Before the head of security could answer, there was the echo of gunfire that reached the office where they were all within. He reacted instantly, grabbing a radio at his chest and speaking into it, “Sitrep!” 

“Contact North-East main hallway! Smoke is obscuring numbers! We're holding position-” The radio was cut off with a wet gasp, followed by silence. If Alfred was mad before, then he was furious now. Enough so that Rebecca was half certain that he was about to drop dead from an aneurysm. 

They’re inside my family manor?!” Alfred whispered with a terrible intensity, gnashing his teeth so harshly it was a wonder they didn't shatter. “Fix this! Fix it now!” He hissed at the commander, who snapped off a salute and turned on his heel before marching so quickly he half fled the room. When the door closed behind him, Alfred sagged, leaning heavily upon his desk. 

His gaze seemed to be looking at nothing, staring through the desk and the floor, taking no notice of the rest of them as he whispered to himself. “I failed her. I failed her so terribly. She'll never forgive this… this failure. How could she? I've cost us everything… God, I thought I was helping…” He heaved so heavily that Rebecca thought he might just break down crying. 

The ‘she’ wasn't too difficult to puzzle out. Alexia Ashford, his twin sister. A sister that Rebecca had assumed she would meet at some point, but there didn’t seem to be a trace of her beyond the occasional rumor. 

There was a very loud silence in the room that absolutely no one wanted to break, but all the same, it was broken when gunshots rang out once more. Louder this time. Closer. Rebecca had to suppress a wince -- it had been a discussion back on the Bus, what to do with Rockfort Island after all was said and done. Rude was very vocal about ‘deleting it from reality.’ Something that the others were laughing off, but Rebecca was very concerned that he was being extremely serious. 

Rebecca had wanted to take them prisoner. To bring them to justice and to have their day in court. It was naive. Even she knew that, but when she put forth the option… she had been met with the sheer impracticality of it. Simply put -- they were a small team taking on a small army. They had the element of surprise on their side, they could divide the enemy, and they had enough firepower to level the island completely. But the operation was only possible because of the first two. 

They simply didn’t have the numbers. Prisoners would be taken, but they could only afford to take the ones who outright surrendered and were secured. Only, to get them to surrender…

An explosion echoed out in the distance and she closed her eyes for a moment before she forced herself to speak, “Perhaps you should let her be the judge of that?” She said, making Alfred’s gaze snap to her, and for a split second, she wished she could grab the words from the air and swallow them back down. 

She recognized the look in his eyes all too well.
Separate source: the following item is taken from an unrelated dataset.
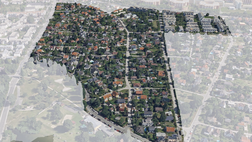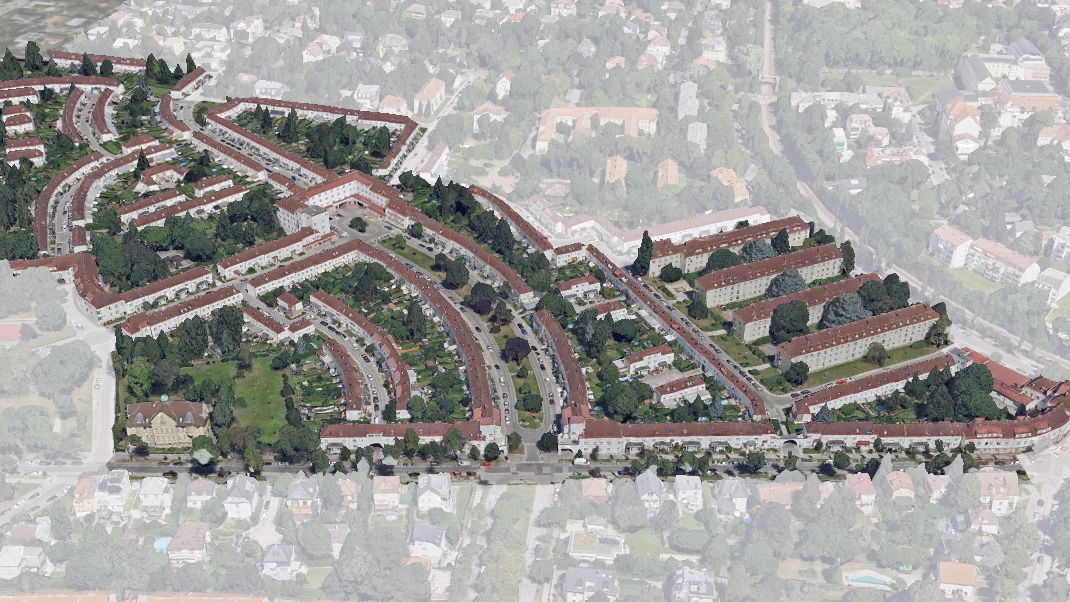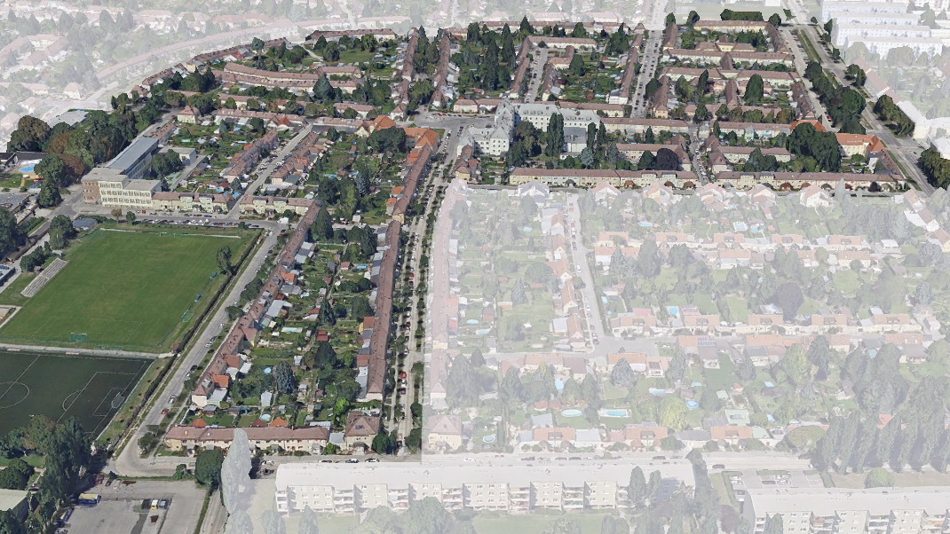 Die gedrängte jedoch niedrig-geschoßige Bebauung stammt gänzlich aus der Bauperiode 1919-1944 und wurde durch die Idee der englischen, von Straßenbegleitgrün geprägter „Gartenstadt“ beeinflusst. Die Gartenzeilen sind ehemalige, zumeist in den Hofbereichen der Wohnhausanlage situierte Nutzgärten. Die Einwohnerdichte beträgt 110 EW/ha, es wohnen hier 0,2% der Wiener Bevölkerung auf 0,4% der Wohnmischgebietsfläche.

The manic panic of a man who felt like his back was against the wall, and he was going to lash out at anything that could save him. Even if he had to drag others down to do it. Yet, she continued, because she also learned from hard-won experience the easiest way to defuse that panic. Hope. 

The words seemed to cut through the initial anger because they were a lifeline for him to grasp onto, “Yes… yes -- you’re right. That is for my sister to decide. If this situation can be salvaged, then it will be by her!” He declared with renewed purpose and standing tall once more. 

Rebecca swallowed a breath of relief that she hadn't messed that up. 

She still had no idea what she was doing here, though. When she arrived on the island, Rebecca was certain that she wouldn't stand out but by the end of the day, she had been recruited to a team to ‘aid in Alexia's research.’ A person she hadn't even seen, much less helped. Both Ada or Leon seemed so much more equipped to handle the situation but the most important part of the mission had wound up falling squarely on her unprepared shoulders. 

Because her part was to keep an eye on Alfred. Jill had said it best -- a rat in a corner will fight desperately. So if it wasn't fighting, then it had a way out. 

“All of you, follow me,” Alfred decided, standing tall and without a trace of the earlier rage to be found in him. That startled Rebecca, as she realized that Alfred did have a way out of this mess. 

Thankfully, someone else found their voice. “We're leaving? What about the others?” 

“I will not reward incompetence with salvation,” Alfred sneered so hard it was a wonder that he didn't pull something in his face. “They will live or die by their own merits. If they manage to survive… then they will be worthy of serving my sister.” That got an earnest smile out him as he approached a wall and pulled a candlestick. “Yes… yes, that's all this is. Just another filter to determine the worthy.” 

You look like you're moving, Agent Squall,” Rude's voice picked up in her ear and she tried not to jump a bit. ‘Has the target decided to make a run for it?’ 

Agent Squall. Rebecca rather liked her code name, though the others seemed to treat theirs like some form of punishment. Rude didn't seem the type to be so petty, though. They were Storm and their agents were named after aspects of a storm -- it was a motif. She was just worried about what would happen when they gained more members and the good names started drying up. 

It seems so. I'm entering a secret passageway now,” Rebecca said with a low whisper, falling in line behind the others. The staircase seemed to be a long spiral down with their footsteps echoing down. 

Maintain course, Agent Squall. Don't worry, we'll be with you every step of the way,” Rude reassured. And it was hard not to be when everything seemed to be going exactly as he’d planned. Beyond the fact that she had ended up in Ada's role for some reason. 

Rebecca nodded to herself, taking a steadying breath that got caught in her lungs when the staircase they were on trembled ever so slightly. Like there was a really big explosion. “What…?” 

That was a gas depot going up,” Rude was quick to reassure her. “The mission is going well. The mansion is being secured and the lab is fully in lockdown. They don't know what hit them.” Rebecca believed that. 

As much as it was an unexpected burden to be part of the infiltration team, she was glad that she wasn't part of the assault team. Rude did everything he could to leverage their advantages as much as possible. 

She knew that the hallways of the manor would be filled with gas, making it impossible to see, or even breathe, without a gas mask. Every step of the operation was meticulously planned out with the information they’d fed him, with every possible deviation being accounted for and back up plans created for their backup plans. After the manor was secure, Alfred's escape would be allowed to happen simply to see where he ran off too, then they would secure the military training ground as well as the prison. 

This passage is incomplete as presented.